Batteries. We can’t escape them, yet they aren’t as good as they could be. We want ultra-lightweight laptops that last all day and we hate when our cell phone battery runs out.

Lead-acid batteries have been around for more than 100 years. While this has been great for automotive and lead-acid battery infrastructure, it has contributed to the lack of interest in fundamentally improving the core technology. The thinking has been: “It works, so no need to reinvent the wheel.” However, the underlying mechanism that makes a lead-acid battery function is a surface process, and as a result, only the surface layers of lead are utilized. This means that we have very heavy batteries that are poorly utilized at the atomic scale (i.e. low energy density). This presents a huge research opportunity. At Argonne, I am working on a project designed to understand the fundamental aspects of lead-acid electrochemistry with the goal of rationally designing a higher performing system that may ultimately rival the energy density of lithium-ion technology.
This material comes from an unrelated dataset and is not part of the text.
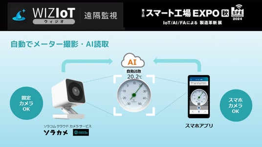 シャープの子会社である株式会社AIoTクラウド(本社:東京都江東区、代表取締役社長:松本 融)は、2024年9月4日(水)から6日(金)に幕張メッセ(千葉県千葉市)で開催されるRX Japan株式会社主催の「第3回スマート工場EXPO秋2024、IoT/AI/FAによる製造革新展」に出展します。株式会社ソラコムのブースにて、本年2月より提供を開始した『WIZIoT(ウィジオ)遠隔監視』サービス( https://iot.aiotcloud.co.jp/rms )を展示し、ソラコム社のクラウドカメラ「ソラカメ」※と連携した遠隔点検の実演や、工場設備の巡回・点検業務への活用事例を紹介します。

Fuel cells. We don’t live with them yet, but when we do, we won’t be able to live without them. A fuel cell is essentially a battery that will run as long as a supply of fuel (hydrogen gas) is maintained. Fuel cell technology combines the best of the battery world and internal combustion world. In addition, it is a clean technology, as its only byproduct is water. In the transportation sector, the fuel cell vehicle offers all the benefits of electric cars, and many that electric vehicles do not, such as quick refueling and longer range. However, one of the biggest issues with current state-of-the-art fuel cell technology is that it requires a platinum-containing catalyst. Platinum costs roughly $1,000/oz. I am working on a project that aims to replace the platinum catalyst with a substantially less expensive catalyst containing iron (~$70/ton). Although the economic value is apparent, this is no trivial task, as platinum has significantly higher performance than iron. When this ambitious research goal is accomplished, I have no doubt that fuel cell vehicle technology will become competitive.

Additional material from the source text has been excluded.